Si les technologies de l’eau et l’ingénierie font à l’évidence partie des solutions, elles n’ont pas de légitimité propre. En ce sens, le fait qu’un projet soit techniquement réalisable et économiquement rentable n’en fait pas pour autant un « bon » projet. L’enjeu réside ainsi dans le renforcement des instruments de la gouvernance de la ressource, et de la légitimité des acteurs des politiques de l’eau.

Notes

  1. Intervention de Blinda Mohammed, « Improving water and energy use efficiency in the Mediterranean », in Eco-Cities Forum, Eco-Cities of the Mediterranean, UNIDO, 2011, 30p.
  2. Cité par Franck Galland in Taithe Alexandre, Galland Franck, Tertrais Bruno, Les frontières invisibles de l’eau. Géopolitique des eaux souterraines transfrontalières, Paris, Editions Technip / Ophrys, 2015 (à paraître).
  3. Asia Society, Asia’s next challenge: securing the region’s water future, Leadership Group on Water Security in Asia, avril 2009, 59 p.

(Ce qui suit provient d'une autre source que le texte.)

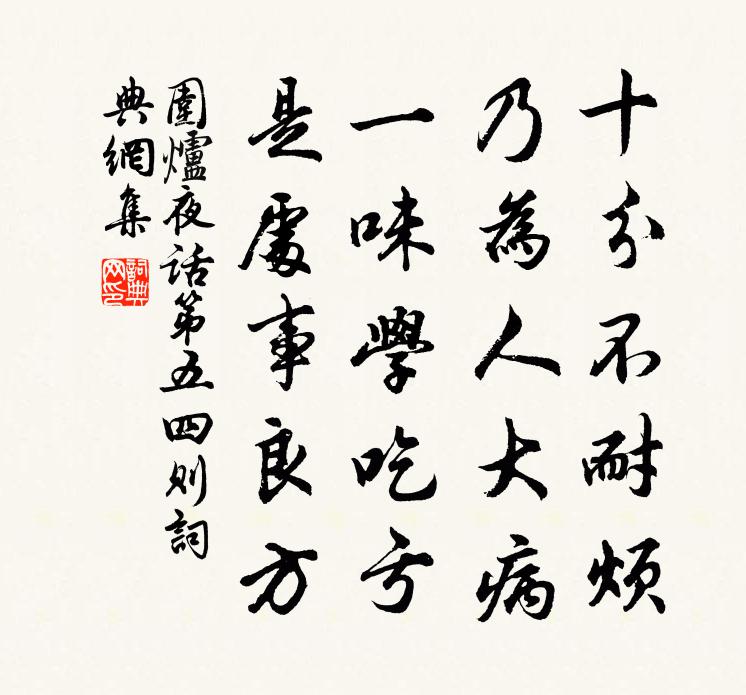 古詩文歷史字典書法欣賞書法字典國語詞典說文解字康熙字典古漢語字典十分不耐煩,乃為人大病;一味學吃虧,是處事良方。王永彬 《圍爐夜話·第五四則》名句出處摘自《圍爐夜話·第五四則》解釋:對人對事不能忍受麻煩,是一個人最大的缺點。對任何事情都能抱著寧可吃虧的態度,便是處理事情最好的方法。原文摘要:十分不耐煩,乃為人大病;一味學吃虧,是處事良方。名句書法欣賞十分不耐煩,乃為人大病;一味學吃虧,是處事良方。書法作品王永彬名句,圍爐夜話·第五四則名句名句推薦錦里開芳宴,蘭缸艷早年。盧照鄰《十五夜觀燈》兼相愛,交相利。墨子《墨子·15章 兼愛(中)》千虛不如一實。馮夢龍《警世通言·卷三》聖人不積,既以為人,己愈有,既以與人,己愈多。天之道,利而不害;聖人之道,為而不爭。老子《老子·德經·第八十一章》同聲相應,同氣相求。佚名《易傳·乾文言》歲夜高堂列明燭,美酒一杯聲一曲。李頎《聽安萬善吹觱篥歌》夫死戰場子在腹,妾身雖存如晝燭。張籍《征婦怨》可惜重陽,不把黃花與。吳文英《蝶戀花·九日和吳見山韻》笙歌散盡遊人去,始覺春空。歐陽修《採桑子·群芳過後西湖好》水溢芙蓉沼,花飛桃李蹊。薛道衡《昔昔鹽》正單衣試酒,恨客里、光陰虛擲。周邦彥《六醜·落花》殘螢棲玉露,早雁拂金河。許渾《早秋三首·其一》綠楊芳草長亭路。年少拋人容易去。晏殊《玉樓春·春恨》柳梢聽得黃鸝語,此是春來第一聲。楊載《到京師》父兮生我,母兮鞠我。佚名《蓼莪》詩詞推薦譚勝仲卿有冊寶禮成新句用韻和呈卷剛中〔宋代〕寶函重鎖環金密,冊櫝雙盤帶錦斜。長樂春風迎母后,未央和氣集皇家。簾垂禁衛收黃繖,禮畢天仙下玉華。班退代秋胡歌詩 其一嵇康〔兩漢〕富貴尊榮。憂患諒獨多。富貴尊榮。憂患諒獨多。古人所懼。豐屋蔀家。人害其上。獸惡網羅。惟有貧賤。可以無淳熙二的春帖子詞壽聖明慈太上皇后合六首崔敦詩〔宋代〕玉管和聲度,金鋪麗景遲。思齊文母聖,春日受春祺。趙嘉父送松江蟹高似孫〔宋代〕青天肯為蟹飛霜,蟹亦貪詩老更狂。楓葉已隨詩共冷,菊花能為酒先忙。平生爾雅誰能熟,此去玄經孰敢荒。前去一落索(牡丹次謝主簿韻)趙以夫〔宋代〕露沁香肌嬌秀。燕脂微透。蕊宮仙子駕祥鸞,被風卷、霞衣皺。輕翦倩他紅袖。簪來盈首。直須沈醉此花前,怕花贈別顯上人釋紹嵩〔宋代〕兩浙尋山遍,依稀三十秋。征塵添老色,藜杖賦歸休。落葉隨杯渡,殘虹帶夕收。不知從此去,能寄短書不。霜天曉角(趙簿席上寫目前之景)郭應祥〔宋代〕琉璃十碗。獸炭紅爐暖。花下兩枝銀燭,和氣洽、歡聲滿。從他吹急管。杯行須款款。盡做更移漏轉,也猶勝、春斑竹(得之湘流)元稹〔唐代〕一枝斑竹渡湘沅,萬里行人感別魂。知是娥皇廟前物,遠隨風雨送啼痕。至揚州文天祥〔宋代〕苦作江頭乞食翁,一層破廟五更風。眼前境界身何許,始悟人間萬法空。春雁王恭〔明代〕春風一夜到衡陽,楚水燕山萬里長。莫怪春來便歸去,江南雖好是他鄉。
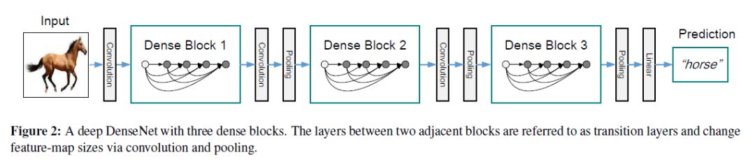 但其实,如果不同层的特征图不一样大时是没有办法直接连接的,因此这种想法直接应用于传统卷积神经网络是不合适的,因为down-sampling层会改变特征图的大小(注,对于卷积层,通过添加合适的padding,stride=1就可以保证前后特征图一样大),所以上图只是一个设想,但是要实现这种想法怎么办呢,作者将网络分成multiple densely connected dense blocks,在每个dense block中使用这种结构,也就是说每个dense block中的特征图都一样大,而不同dense block不一样大,这样即保留了传统卷积神经网络的特点,同时也最大程度的使用了shorter connection结构。
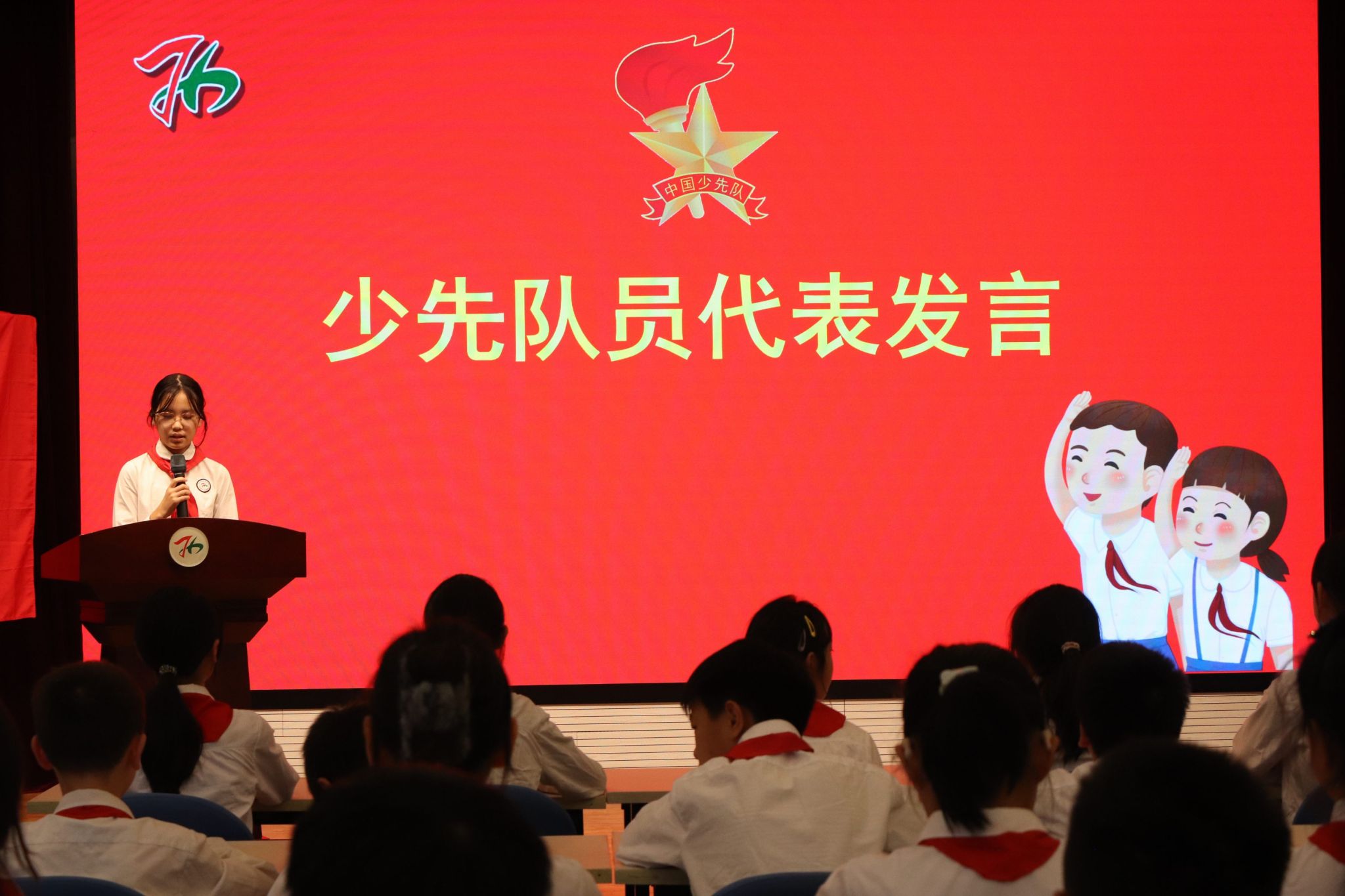 六(3)中队的王妤婕代表全体少先队员发言。她表示,换戴大号红领巾不仅意味着成长,更代表着肩上责任的加重。作为新时代少先队员,要用实际行动为红领巾增添新的光彩。她真挚有力的话语引发了在场队员的共鸣。
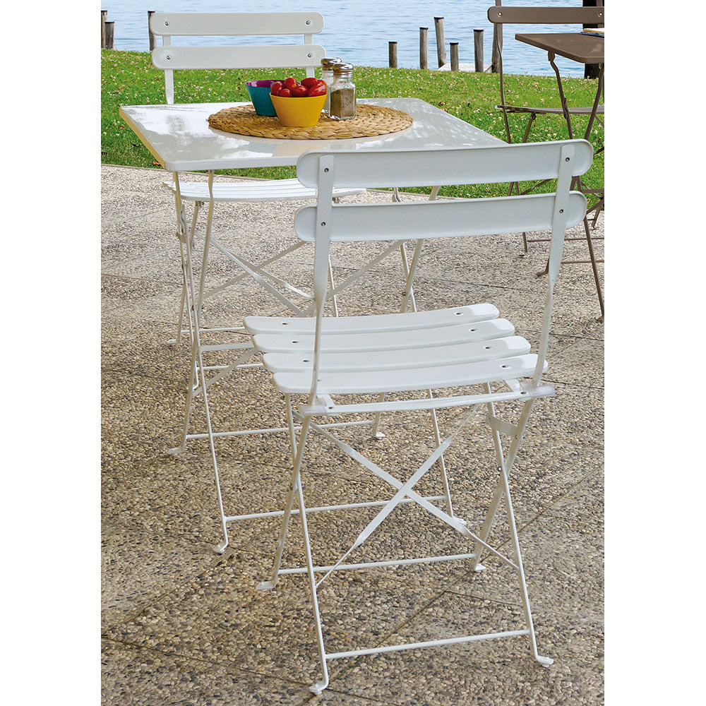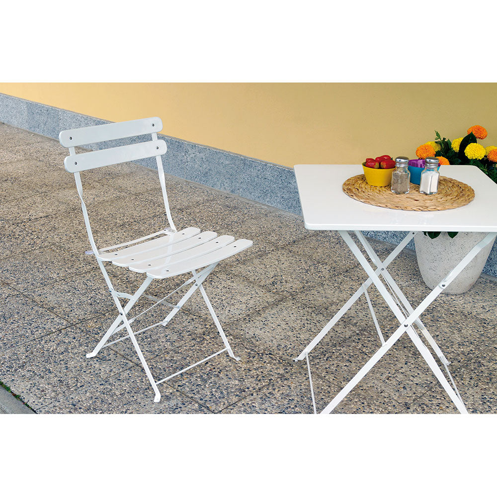 Salon de Jardin Ensemble 1 Table 2 Chaises Pliantes en Fer 60X60cm Vorghini Ivoire Carré Bistrò
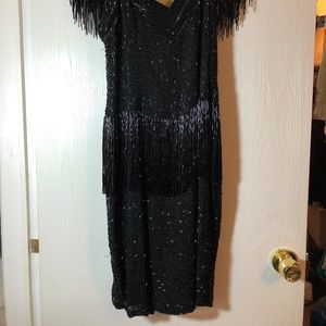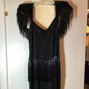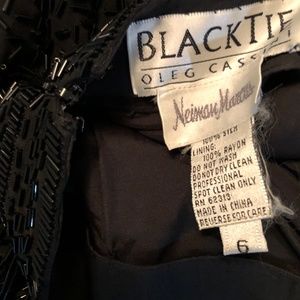 BlackTie by Oleg Cassini sequined cocktail dress. Size 6, black 100% silk outer sheath with matching rayon lining. Very flattering, timeless design. Open back with hook and zippered closure. Fits size 4-6.
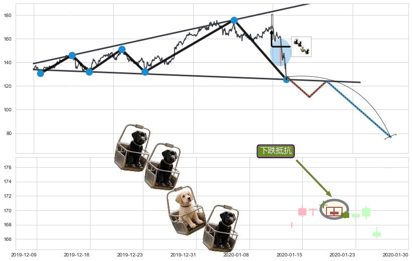 ➣ 收盘价(2020-01-15: 170.30 )→回踩→第一根k线低点(2020-01-10: 168.91 )
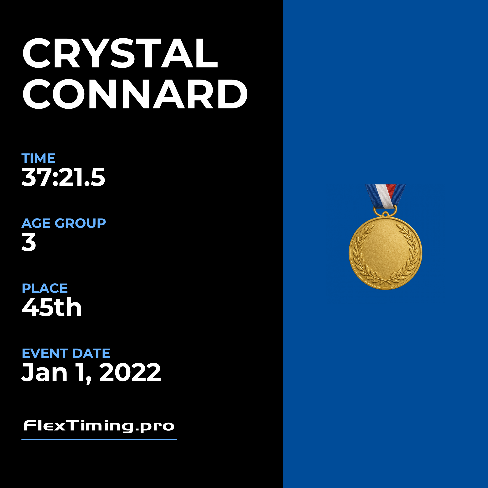 | Age Group Place: | 3 out of 5 Female in your Age Group. |
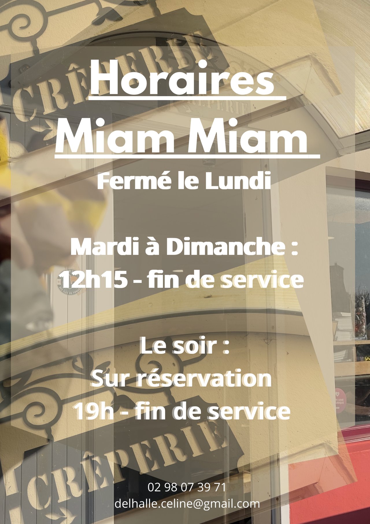 Horaires : Lundi : Fermé Mardi à Samedi : 12h30 - fin de service le soir sur réservation le soir sur réservation le soir sur réservation le soir sur réservation Dimanche : 12h30 - fin de service Fermé le soir
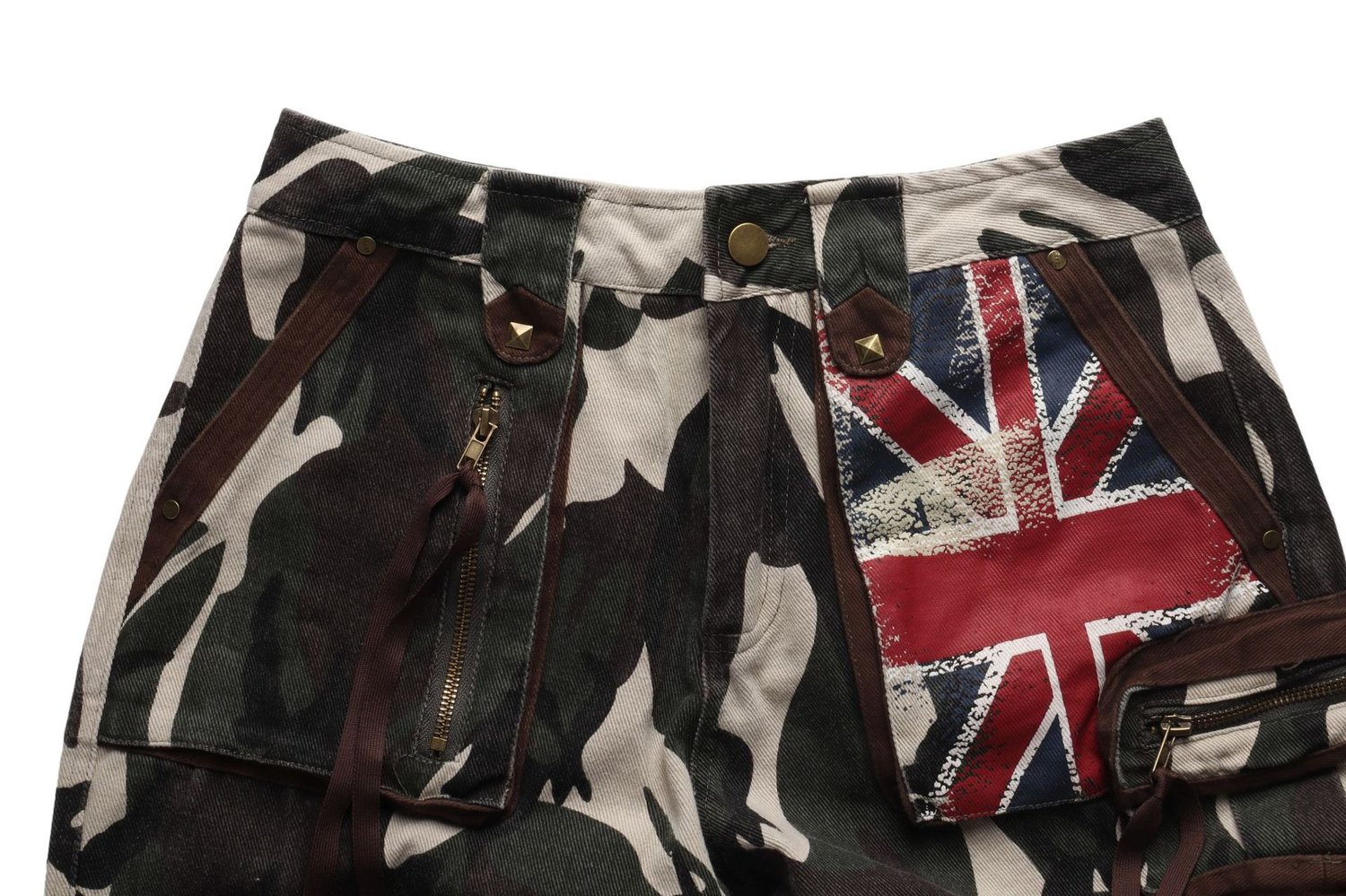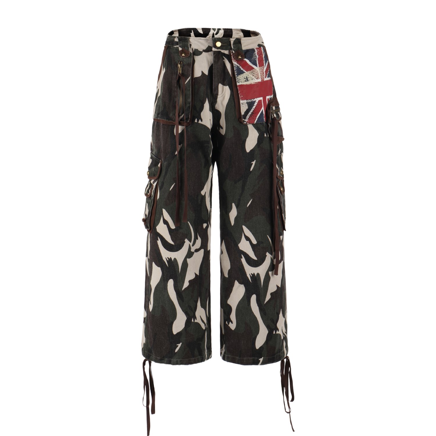 Designer retro street style punk camouflage cargo straight-leg pants
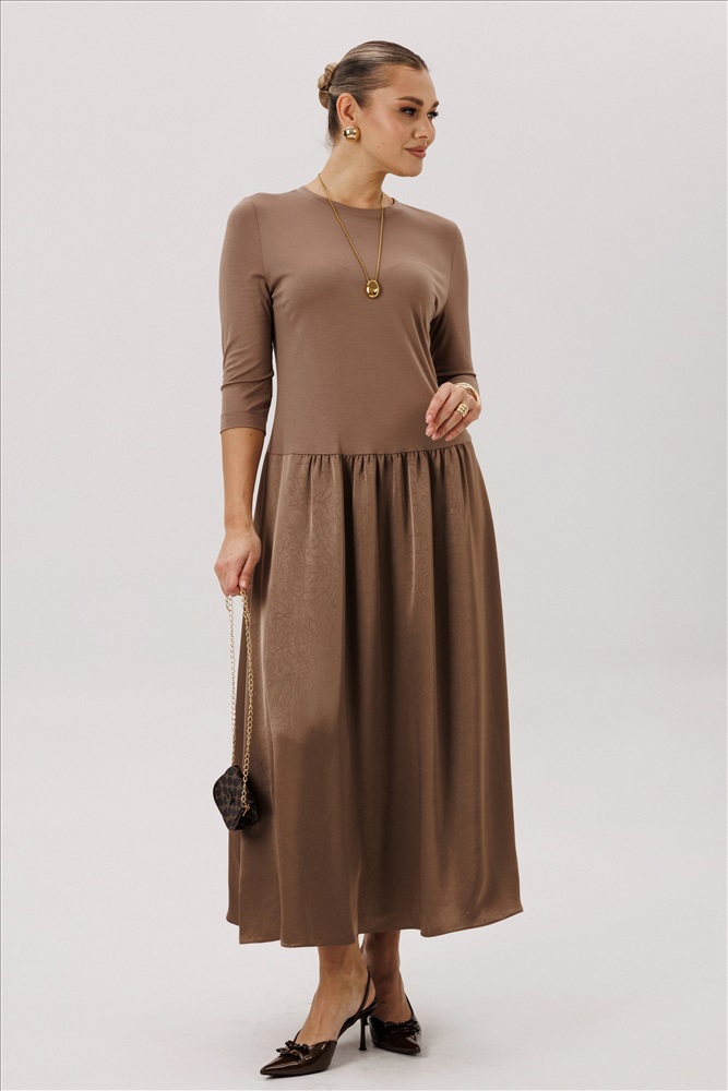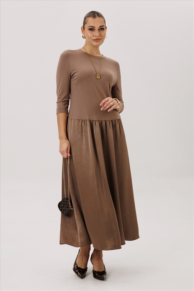 В этом платье Вы будете чувствовать себя очень лёгкой и воздушной. Ветер играет с волосами, а невесомое платье нежным шёлком скользит по ногам. Пришло время дышать полной грудью! Свободный силуэт, втачной покрой, круглая горловина с эффектной каплей на спине. Верх платья - из мягкого хлопкового трикотажа, низ - из крешованого атласа. Длина платья около 130 см. верх: вискоза 75%, пэ 25%, низ: пэ 100%. Комментарии к товару
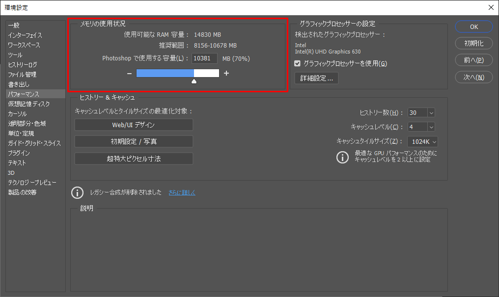 対処方法1と同じ設定画面で、Photoshopに割り当てるメモリの容量を増やし、動作を軽くすることができます。

  4. Goossens X., Bonnet J.F., 2001, Etude de la matrice des interactions eau-énergie. In « Penser l'avenir pour agir aujourd'hui », Rapport 2001 du Club « Énergie, prospective et débats », Commissariat Général du Plan, Paris, Juin 2001, tome 2, 789-897, et Cai S., Ayong-le-Kama A., Bonnet JF., Hydroelectricity and Energy-Water Nexus, World Energy Congress, Sydney, sept. 2004.
  5. Note de la mission économique de l’ambassade de France à Dehli, 2 août 2012.
  6. Almuda Asam, Hamad Ahmad, Gadalla Mohamed, « Aquifer storage and recovery (ASR): a strategic cost-effective facility to balance water production and demand for Sharjah », Desalination, n°174 – 2005, pp.193-204 ; et Dawoud Mohamed A., Strategic Water Reserve: New Approach for Old Concept in GCC Countries, 2008, 7p., Article présenté en 2008 sur la plate-forme de preparation du 5ème forum mondial de l’eau : http://portal.worldwaterforum5.org
  7. SCADA : système de contrôle et d'acquisition de données (Supervisory Control And Data Acquisition). Système de télégestion, permettant le contrôle à distance d’installations techniques et industrielles.
  8. Par chaîne « eau », il faut entendre la production d’eau potable, l’assainissement, mais aussi la mobilisation de l’eau douce (prélèvement, transport, stockage) pour les usages énergétiques, agricoles et domestiques (par exemple, des barrages ou des systèmes de canaux d’irrigation télé-gérés).